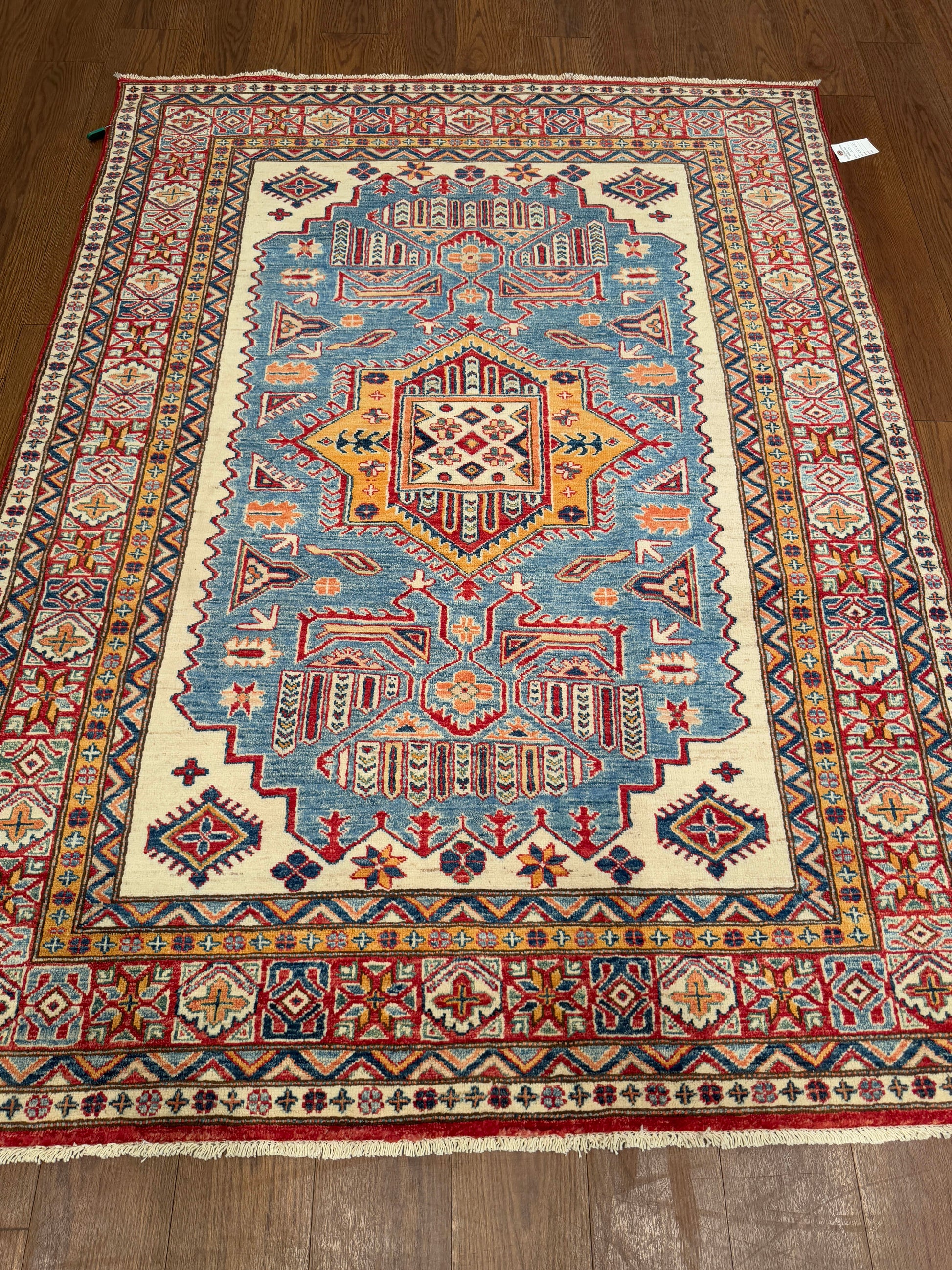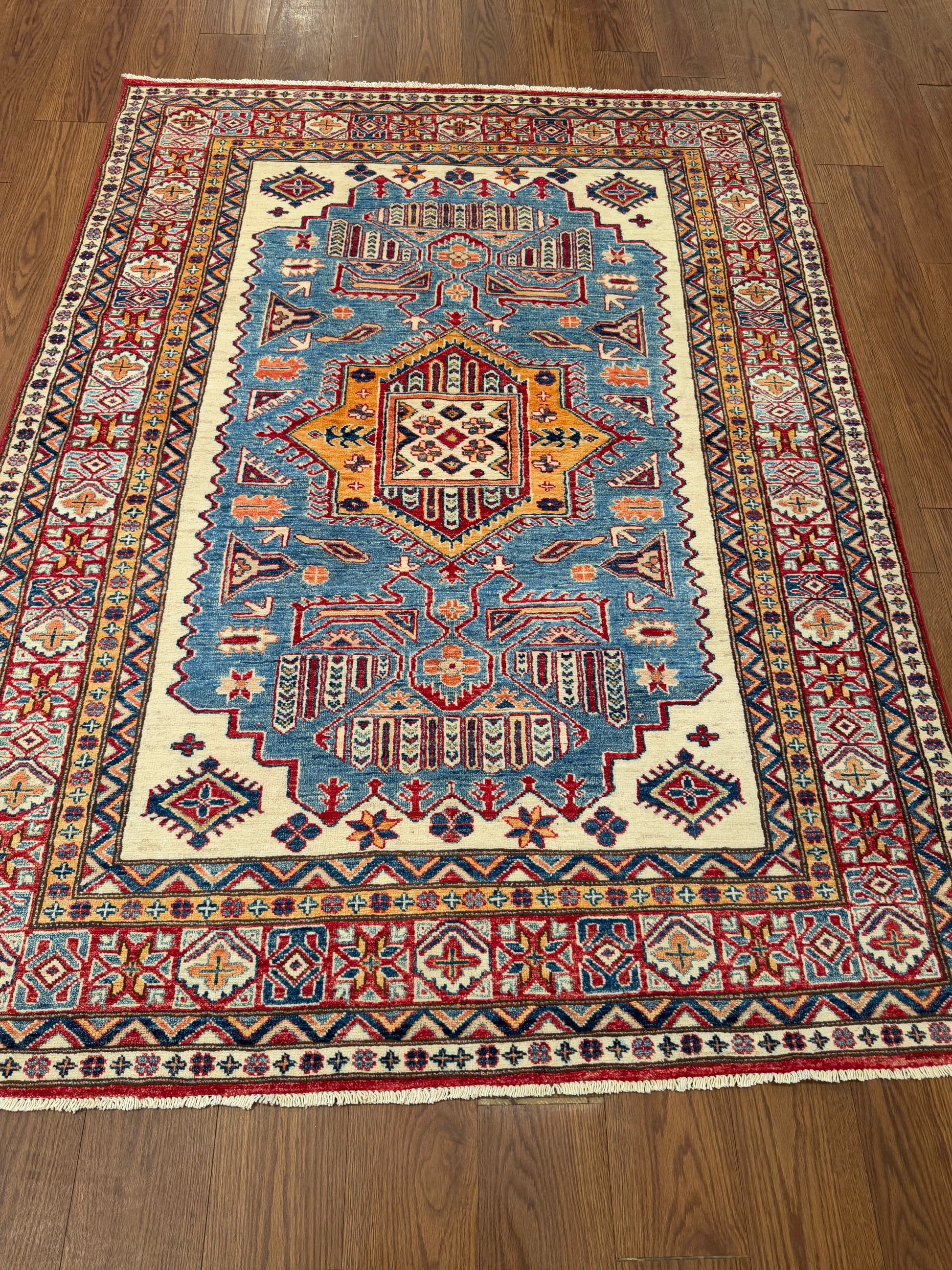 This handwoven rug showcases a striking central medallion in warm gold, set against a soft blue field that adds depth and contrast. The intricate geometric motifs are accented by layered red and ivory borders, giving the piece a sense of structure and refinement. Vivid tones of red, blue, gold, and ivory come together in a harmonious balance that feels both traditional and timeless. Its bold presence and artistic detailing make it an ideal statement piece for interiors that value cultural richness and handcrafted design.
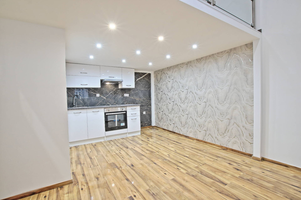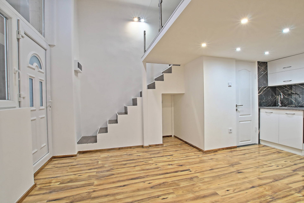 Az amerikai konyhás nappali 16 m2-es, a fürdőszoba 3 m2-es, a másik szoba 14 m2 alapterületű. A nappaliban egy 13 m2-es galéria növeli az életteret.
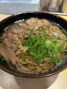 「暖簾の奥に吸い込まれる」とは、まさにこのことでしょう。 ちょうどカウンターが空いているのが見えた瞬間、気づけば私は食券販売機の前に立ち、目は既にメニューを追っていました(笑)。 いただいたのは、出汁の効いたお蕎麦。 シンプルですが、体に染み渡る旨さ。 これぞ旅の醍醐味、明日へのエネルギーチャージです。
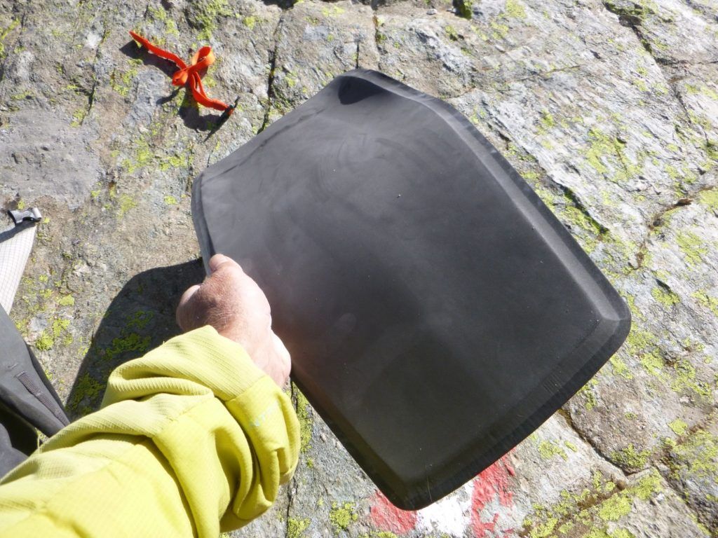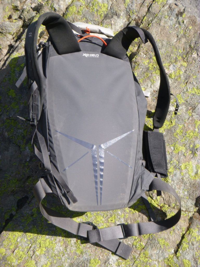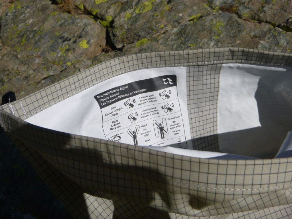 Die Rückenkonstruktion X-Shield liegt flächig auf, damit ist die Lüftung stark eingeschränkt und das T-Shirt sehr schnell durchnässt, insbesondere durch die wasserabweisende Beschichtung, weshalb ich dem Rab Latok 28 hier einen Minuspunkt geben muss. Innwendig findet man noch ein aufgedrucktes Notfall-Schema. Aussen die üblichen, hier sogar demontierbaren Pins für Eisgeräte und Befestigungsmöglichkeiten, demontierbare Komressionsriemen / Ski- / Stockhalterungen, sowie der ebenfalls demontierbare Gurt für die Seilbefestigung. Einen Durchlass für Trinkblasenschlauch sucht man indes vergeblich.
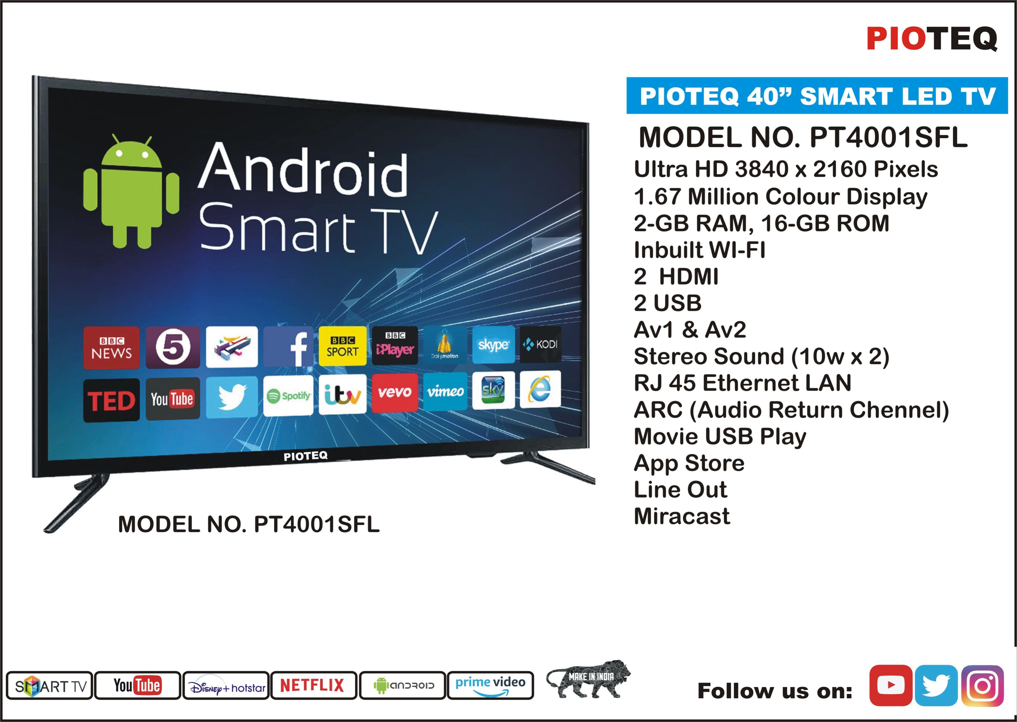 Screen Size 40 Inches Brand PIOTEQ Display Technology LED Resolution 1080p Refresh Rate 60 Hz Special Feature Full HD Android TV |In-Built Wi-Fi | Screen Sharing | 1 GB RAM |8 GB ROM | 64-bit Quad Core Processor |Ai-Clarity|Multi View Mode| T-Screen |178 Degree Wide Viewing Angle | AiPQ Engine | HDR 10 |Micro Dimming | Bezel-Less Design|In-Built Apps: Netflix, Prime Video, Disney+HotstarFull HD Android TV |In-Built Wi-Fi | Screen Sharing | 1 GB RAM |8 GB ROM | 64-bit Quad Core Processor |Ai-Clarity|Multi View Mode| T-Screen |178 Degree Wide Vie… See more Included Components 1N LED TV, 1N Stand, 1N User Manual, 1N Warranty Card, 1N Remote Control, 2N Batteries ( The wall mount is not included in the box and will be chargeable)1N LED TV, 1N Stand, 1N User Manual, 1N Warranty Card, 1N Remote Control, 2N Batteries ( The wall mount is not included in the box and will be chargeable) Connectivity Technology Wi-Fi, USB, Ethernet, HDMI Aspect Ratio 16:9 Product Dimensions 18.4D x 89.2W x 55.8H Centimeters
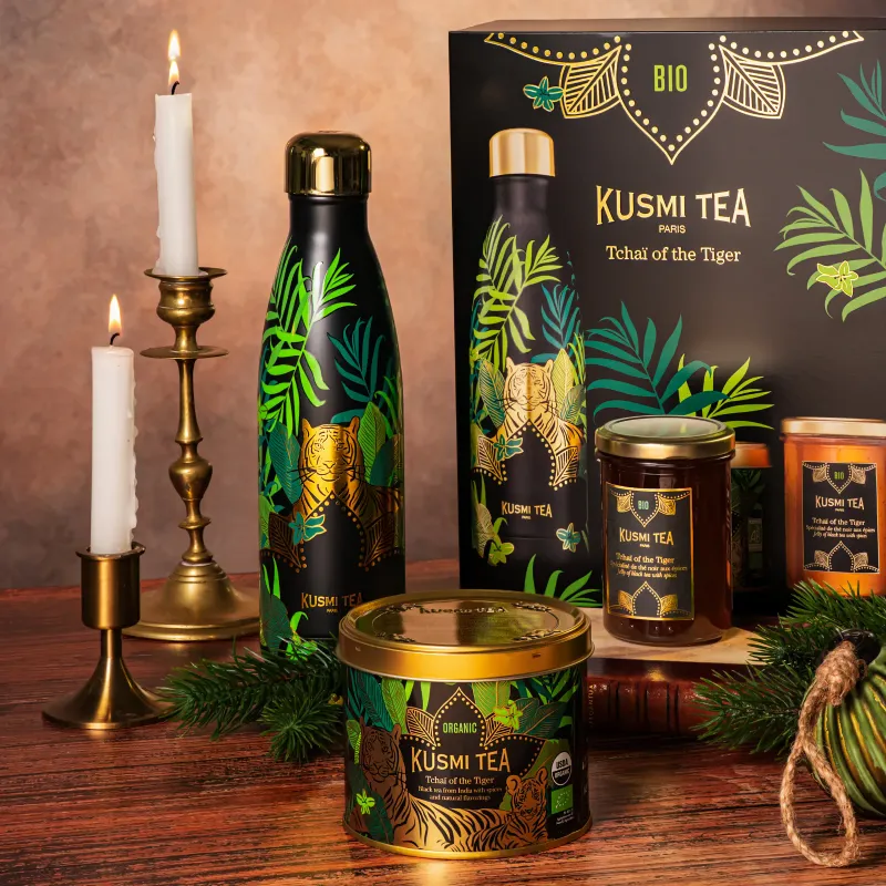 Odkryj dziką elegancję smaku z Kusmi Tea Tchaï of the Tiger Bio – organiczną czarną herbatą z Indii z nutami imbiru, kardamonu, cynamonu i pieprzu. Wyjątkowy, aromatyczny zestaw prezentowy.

____________

» WHAT NEEDS TO BE DONE: Be exact. Write out all the entries and omit the pictures.

» ANSWER:
 This handwoven rug showcases a striking central medallion in warm gold, set against a soft blue field that adds depth and contrast. The intricate geometric motifs are accented by layered red and ivory borders, giving the piece a sense of structure and refinement. Vivid tones of red, blue, gold, and ivory come together in a harmonious balance that feels both traditional and timeless. Its bold presence and artistic detailing make it an ideal statement piece for interiors that value cultural richness and handcrafted design.
 Az amerikai konyhás nappali 16 m2-es, a fürdőszoba 3 m2-es, a másik szoba 14 m2 alapterületű. A nappaliban egy 13 m2-es galéria növeli az életteret.
 「暖簾の奥に吸い込まれる」とは、まさにこのことでしょう。 ちょうどカウンターが空いているのが見えた瞬間、気づけば私は食券販売機の前に立ち、目は既にメニューを追っていました(笑)。 いただいたのは、出汁の効いたお蕎麦。 シンプルですが、体に染み渡る旨さ。 これぞ旅の醍醐味、明日へのエネルギーチャージです。
 Die Rückenkonstruktion X-Shield liegt flächig auf, damit ist die Lüftung stark eingeschränkt und das T-Shirt sehr schnell durchnässt, insbesondere durch die wasserabweisende Beschichtung, weshalb ich dem Rab Latok 28 hier einen Minuspunkt geben muss. Innwendig findet man noch ein aufgedrucktes Notfall-Schema. Aussen die üblichen, hier sogar demontierbaren Pins für Eisgeräte und Befestigungsmöglichkeiten, demontierbare Komressionsriemen / Ski- / Stockhalterungen, sowie der ebenfalls demontierbare Gurt für die Seilbefestigung. Einen Durchlass für Trinkblasenschlauch sucht man indes vergeblich.
 Screen Size 40 Inches Brand PIOTEQ Display Technology LED Resolution 1080p Refresh Rate 60 Hz Special Feature Full HD Android TV |In-Built Wi-Fi | Screen Sharing | 1 GB RAM |8 GB ROM | 64-bit Quad Core Processor |Ai-Clarity|Multi View Mode| T-Screen |178 Degree Wide Viewing Angle | AiPQ Engine | HDR 10 |Micro Dimming | Bezel-Less Design|In-Built Apps: Netflix, Prime Video, Disney+HotstarFull HD Android TV |In-Built Wi-Fi | Screen Sharing | 1 GB RAM |8 GB ROM | 64-bit Quad Core Processor |Ai-Clarity|Multi View Mode| T-Screen |178 Degree Wide Vie… See more Included Components 1N LED TV, 1N Stand, 1N User Manual, 1N Warranty Card, 1N Remote Control, 2N Batteries ( The wall mount is not included in the box and will be chargeable)1N LED TV, 1N Stand, 1N User Manual, 1N Warranty Card, 1N Remote Control, 2N Batteries ( The wall mount is not included in the box and will be chargeable) Connectivity Technology Wi-Fi, USB, Ethernet, HDMI Aspect Ratio 16:9 Product Dimensions 18.4D x 89.2W x 55.8H Centimeters
 Odkryj dziką elegancję smaku z Kusmi Tea Tchaï of the Tiger Bio – organiczną czarną herbatą z Indii z nutami imbiru, kardamonu, cynamonu i pieprzu. Wyjątkowy, aromatyczny zestaw prezentowy.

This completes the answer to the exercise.